How to do the job of laying simultaneous work?

I'm new to the hive, and I ran into a problem,

I have a table in the hive:

create table td(id int, time string, ip string, v1 bigint, v2 int, v3 int, v4 int, v5 bigint, v6 int) PARTITIONED BY(dt STRING) ROW FORMAT DELIMITED FIELDS TERMINATED BY ',' lines TERMINATED BY '\n' ; 

And I run sql as:

 from td INSERT OVERWRITE DIRECTORY '/tmp/total.out' select count(v1) INSERT OVERWRITE DIRECTORY '/tmp/totaldistinct.out' select count(distinct v1) INSERT OVERWRITE DIRECTORY '/tmp/distinctuin.out' select distinct v1 INSERT OVERWRITE DIRECTORY '/tmp/v4.out' select v4 , count(v1), count(distinct v1) group by v4 INSERT OVERWRITE DIRECTORY '/tmp/v3v4.out' select v3, v4 , count(v1), count(distinct v1) group by v3, v4 INSERT OVERWRITE DIRECTORY '/tmp/v426.out' select count(v1), count(distinct v1) where v4=2 or v4=6 INSERT OVERWRITE DIRECTORY '/tmp/v3v426.out' select v3, count(v1), count(distinct v1) where v4=2 or v4=6 group by v3 INSERT OVERWRITE DIRECTORY '/tmp/v415.out' select count(v1), count(distinct v1) where v4=1 or v4=5 INSERT OVERWRITE DIRECTORY '/tmp/v3v415.out' select v3, count(v1), count(distinct v1) where v4=1 or v4=5 group by v3 

it works, and the result of the result is what I want.

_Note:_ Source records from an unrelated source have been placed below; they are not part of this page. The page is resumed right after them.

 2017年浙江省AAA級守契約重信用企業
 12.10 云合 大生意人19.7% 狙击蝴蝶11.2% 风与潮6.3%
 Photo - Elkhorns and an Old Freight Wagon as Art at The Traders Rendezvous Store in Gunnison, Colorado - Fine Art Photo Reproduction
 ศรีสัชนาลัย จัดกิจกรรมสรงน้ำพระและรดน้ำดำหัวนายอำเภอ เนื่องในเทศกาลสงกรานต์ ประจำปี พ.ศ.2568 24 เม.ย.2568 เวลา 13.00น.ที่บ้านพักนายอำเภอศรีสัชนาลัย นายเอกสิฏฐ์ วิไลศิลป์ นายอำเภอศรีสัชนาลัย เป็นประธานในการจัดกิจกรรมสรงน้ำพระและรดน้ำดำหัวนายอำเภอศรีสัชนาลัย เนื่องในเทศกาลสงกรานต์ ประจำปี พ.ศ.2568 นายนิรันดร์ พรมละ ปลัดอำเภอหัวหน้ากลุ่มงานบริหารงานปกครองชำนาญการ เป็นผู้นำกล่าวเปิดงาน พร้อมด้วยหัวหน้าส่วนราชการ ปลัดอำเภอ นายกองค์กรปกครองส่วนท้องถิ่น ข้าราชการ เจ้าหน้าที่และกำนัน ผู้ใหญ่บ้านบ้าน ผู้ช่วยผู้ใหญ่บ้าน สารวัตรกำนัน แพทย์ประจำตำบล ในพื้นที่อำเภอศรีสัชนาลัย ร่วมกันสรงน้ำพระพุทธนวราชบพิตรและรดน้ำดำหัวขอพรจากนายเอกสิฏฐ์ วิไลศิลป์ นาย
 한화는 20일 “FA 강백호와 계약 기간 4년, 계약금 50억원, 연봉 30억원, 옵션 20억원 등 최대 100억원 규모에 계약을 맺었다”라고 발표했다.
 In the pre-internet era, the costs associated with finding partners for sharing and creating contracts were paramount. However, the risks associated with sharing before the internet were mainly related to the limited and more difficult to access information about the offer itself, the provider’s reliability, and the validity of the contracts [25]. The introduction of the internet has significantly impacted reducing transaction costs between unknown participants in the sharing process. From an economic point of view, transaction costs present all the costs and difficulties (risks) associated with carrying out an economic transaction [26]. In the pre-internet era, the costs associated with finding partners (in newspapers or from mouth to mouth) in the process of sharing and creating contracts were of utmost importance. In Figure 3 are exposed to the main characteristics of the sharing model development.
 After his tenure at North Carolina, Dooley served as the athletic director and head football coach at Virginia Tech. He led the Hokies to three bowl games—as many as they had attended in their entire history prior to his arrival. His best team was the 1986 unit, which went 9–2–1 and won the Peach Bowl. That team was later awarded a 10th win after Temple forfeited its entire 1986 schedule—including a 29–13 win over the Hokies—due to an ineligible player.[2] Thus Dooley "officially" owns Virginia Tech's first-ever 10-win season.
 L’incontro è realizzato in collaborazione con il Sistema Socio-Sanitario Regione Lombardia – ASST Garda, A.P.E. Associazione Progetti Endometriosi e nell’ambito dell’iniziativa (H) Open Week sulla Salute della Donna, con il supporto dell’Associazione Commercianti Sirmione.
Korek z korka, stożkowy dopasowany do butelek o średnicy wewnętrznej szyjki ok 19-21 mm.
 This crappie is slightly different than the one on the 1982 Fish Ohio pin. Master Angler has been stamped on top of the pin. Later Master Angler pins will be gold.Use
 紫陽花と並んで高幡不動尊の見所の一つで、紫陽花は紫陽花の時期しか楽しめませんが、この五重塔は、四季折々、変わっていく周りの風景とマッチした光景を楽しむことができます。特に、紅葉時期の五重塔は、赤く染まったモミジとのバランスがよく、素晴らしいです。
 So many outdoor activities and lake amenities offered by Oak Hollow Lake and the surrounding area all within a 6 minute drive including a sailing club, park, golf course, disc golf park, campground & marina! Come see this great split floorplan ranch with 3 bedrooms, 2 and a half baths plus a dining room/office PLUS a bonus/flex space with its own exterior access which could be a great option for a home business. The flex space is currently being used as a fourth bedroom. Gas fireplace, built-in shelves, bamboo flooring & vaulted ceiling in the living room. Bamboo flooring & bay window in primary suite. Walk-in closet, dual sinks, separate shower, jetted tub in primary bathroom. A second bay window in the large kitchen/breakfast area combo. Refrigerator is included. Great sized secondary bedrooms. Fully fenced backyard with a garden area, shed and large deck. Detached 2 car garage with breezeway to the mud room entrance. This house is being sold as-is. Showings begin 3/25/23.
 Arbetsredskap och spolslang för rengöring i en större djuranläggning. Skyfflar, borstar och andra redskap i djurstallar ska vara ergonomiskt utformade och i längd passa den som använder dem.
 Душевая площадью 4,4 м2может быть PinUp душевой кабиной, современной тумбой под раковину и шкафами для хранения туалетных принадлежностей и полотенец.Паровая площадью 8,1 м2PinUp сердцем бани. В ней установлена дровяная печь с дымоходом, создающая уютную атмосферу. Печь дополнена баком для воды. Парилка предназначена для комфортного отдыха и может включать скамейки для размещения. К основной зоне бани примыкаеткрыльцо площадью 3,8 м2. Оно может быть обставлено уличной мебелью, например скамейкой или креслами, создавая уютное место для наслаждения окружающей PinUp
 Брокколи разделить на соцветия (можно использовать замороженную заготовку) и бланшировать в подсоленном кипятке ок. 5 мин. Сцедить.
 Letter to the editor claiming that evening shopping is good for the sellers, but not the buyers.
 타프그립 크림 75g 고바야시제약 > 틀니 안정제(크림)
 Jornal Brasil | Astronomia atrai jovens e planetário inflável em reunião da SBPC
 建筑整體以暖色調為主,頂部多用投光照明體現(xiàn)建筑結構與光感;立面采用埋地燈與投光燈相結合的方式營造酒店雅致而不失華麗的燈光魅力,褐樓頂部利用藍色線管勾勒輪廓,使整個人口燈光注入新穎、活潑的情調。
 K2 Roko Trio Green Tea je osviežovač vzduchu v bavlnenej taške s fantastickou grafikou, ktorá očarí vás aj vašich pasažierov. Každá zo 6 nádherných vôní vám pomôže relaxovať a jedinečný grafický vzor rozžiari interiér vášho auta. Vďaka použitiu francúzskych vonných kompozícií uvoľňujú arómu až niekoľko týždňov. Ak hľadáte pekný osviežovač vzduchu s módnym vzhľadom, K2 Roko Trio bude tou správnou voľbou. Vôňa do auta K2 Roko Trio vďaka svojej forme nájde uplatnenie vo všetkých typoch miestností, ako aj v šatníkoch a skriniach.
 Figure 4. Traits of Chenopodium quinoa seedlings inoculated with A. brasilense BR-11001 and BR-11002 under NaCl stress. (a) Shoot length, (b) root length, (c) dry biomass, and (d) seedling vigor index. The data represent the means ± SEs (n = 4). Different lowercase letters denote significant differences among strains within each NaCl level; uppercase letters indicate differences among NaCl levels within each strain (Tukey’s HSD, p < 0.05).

but there is one problem: the bush generates 9 mapreduce jobs and starts these jobs one by one.

I run an explanation on this request and I received the following message:

 STAGE DEPENDENCIES: Stage-9 is a root stage Stage-0 depends on stages: Stage-9 Stage-10 depends on stages: Stage-9 Stage-1 depends on stages: Stage-10 Stage-11 depends on stages: Stage-9 Stage-2 depends on stages: Stage-11 Stage-12 depends on stages: Stage-9 Stage-3 depends on stages: Stage-12 Stage-13 depends on stages: Stage-9 Stage-4 depends on stages: Stage-13 Stage-14 depends on stages: Stage-9 Stage-5 depends on stages: Stage-14 Stage-15 depends on stages: Stage-9 Stage-6 depends on stages: Stage-15 Stage-16 depends on stages: Stage-9 Stage-7 depends on stages: Stage-16 Stage-17 depends on stages: Stage-9 Stage-8 depends on stages: Stage-17 

it seems that step 9-17 corresponds to the mapreduce task 0-8
but from the explanation message above, step 10-17 depends only on step 9,
so I have a question, why work 1-8 cannot work at the same time?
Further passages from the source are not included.